Hinn is also a notable faith healer. He has even issued his own version of the Bible, The Master's Healing Presence Bible, with added bits and quotes. Apparently it is filled with the miraculous and the powerful manifestation of God, and color-code the sections that deal with healing, the Holy Spirit, faith, prayer and, the presence of God.” He charges you $90 for a copy. Of course, it is rather likely that Hinn is a fraud more than he is a crackpot (those are not mutually exclusive). In 2001, HBO’s America Undercover tried to follow up 5 of the people Hinn had allegedly healed at a particular crusade, but when HBO checked back a year later, none of the parishioners had been healed at all (two had died). Hinn, of course, blamed the dismal results on HBO. In reality, his assurance that his victims are well after his faith healing is rather likely to lead his victims to abort the treatments and medication schemes they are already using, so it is definitely not an innocent matter of innocuous faith. CBC later exposed Hinn’s tendency to use his church’s money for private purposes, and for employing security guards disguised as men from the church to keep genuinely sick followers away from the stage so he doesn’t need to deal with them (or risk being exposed to something that he cannot heal). Even his efforts to combat the twin evils” of Islam and secularism seem primarily to be schemes to make money.

Furthermore, Hinn has a long track record as a false prophet, having forewarned that God would destroy the homosexual community in America in 1995, that America’s East Coast would be destroyed by earthquakes before 2000, that Fidel Castro would die during the 90s, and that God had given him a vision that thousands of the dead would watch the network and be resurrected by touching the television screen.

There is a comprehensive Benny Hinn resource here.

Diagnosis: Certainly a loon, probably a fraud, and definitely a spineless, slithering monster, Hinn’s power seems no to be waning despite the fact that he is repeatedly exposed for what he is. Extremely dangerous.

Tuesday, October 22, 2013

#766: David de Hilster


David de Hilster is an internet crank who tries to promote the theory of autodynamics. Autodynamics was a miserable failure of a theory designed to replace the Theory of Relativity in the 1940s by claiming that the Lorentz transformation equations used in mainstream science are formulated incorrectly, so that special and general relativity equations are invalid, that the neutrino does not exist (which it demonstrably does), that there are particles not observed by mainstream physics (the “picograviton” and the “electromuon”), and that there are alternative models of decay for muons. The theory is, to emphasize, utterly debunked. It is as falsified as theories can be. But that doesn’t prevent crackpots from trying to revive it, especially crackpots like de Hilster, who has the perfect qualifications for spearheading the revival: no physics background and poor critical thinking skills.

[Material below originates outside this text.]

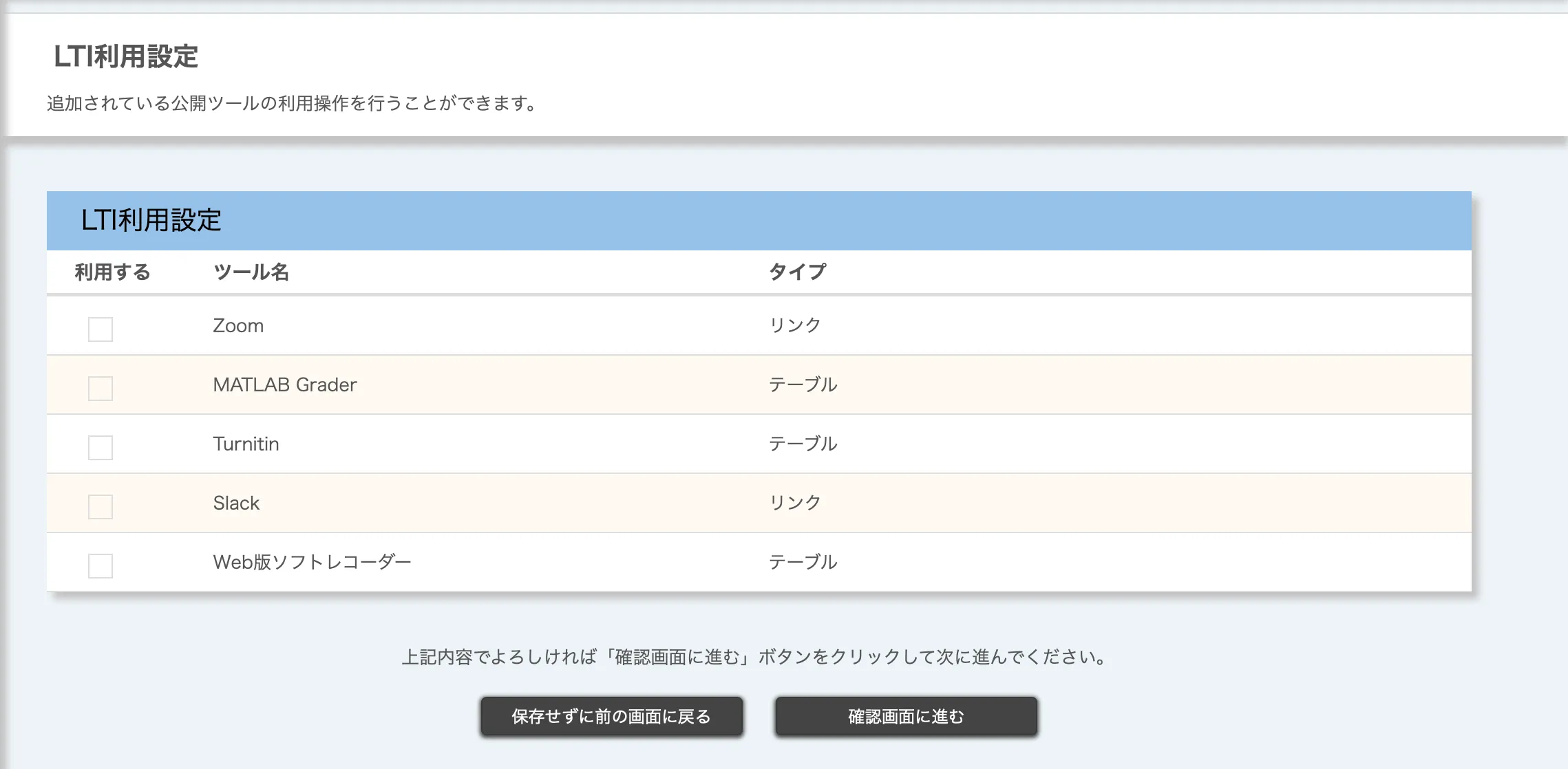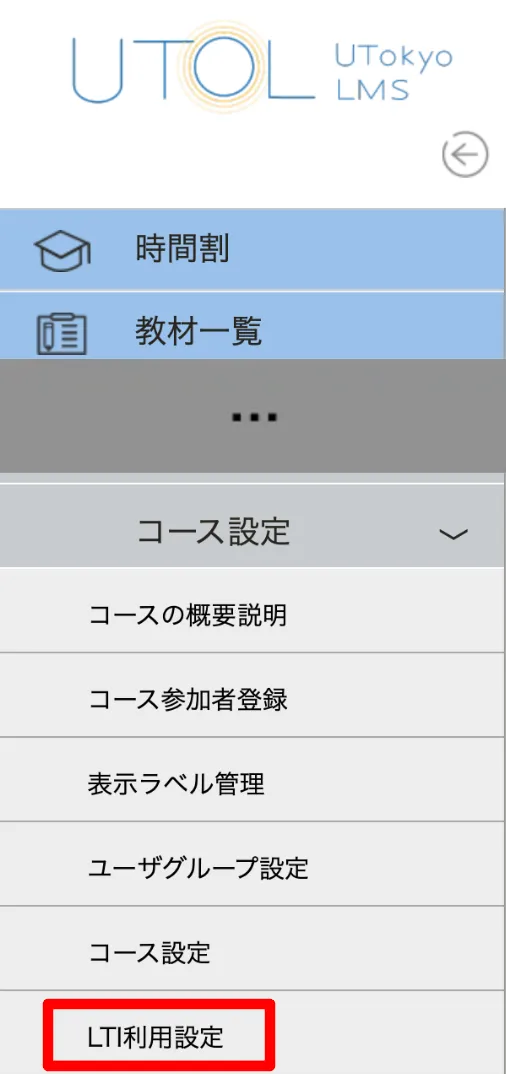 2. 「コース設定」から「LTI利用設定」を選択してください.

He founded NeWiki (“An Encyclopedia For a New World”) in 2007 after his original research had repeatedly been removed from Wikipedia. He also makes, and tries to make, films, such as “Einstein Wrong – The Miracle Year” (it is a bit unclear whether that was actually ever made).

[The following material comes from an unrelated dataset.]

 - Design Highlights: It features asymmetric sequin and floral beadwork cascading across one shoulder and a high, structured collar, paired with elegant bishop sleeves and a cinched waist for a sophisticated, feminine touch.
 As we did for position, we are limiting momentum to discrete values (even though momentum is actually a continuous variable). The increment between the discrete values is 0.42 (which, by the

A severe victim of crank magnetism, de Hilster has subsequently gone on to advocate the even more ridiculous Expanding Earth hypothesis. His evidence: “It is quite obvious to most casual observers that South America and Africa were at one time joined. But it is quite unknown to almost all that Asia, Australia and the Americas also were at one time joined. This evidence leads to only one conclusion: 200 million years ago, the earth’s continents were all together on a much smaller orb and since then, the earth has been growing significantly.” 

Diagnosis: A hopeless case of crank magnetism. Probably rather harmless.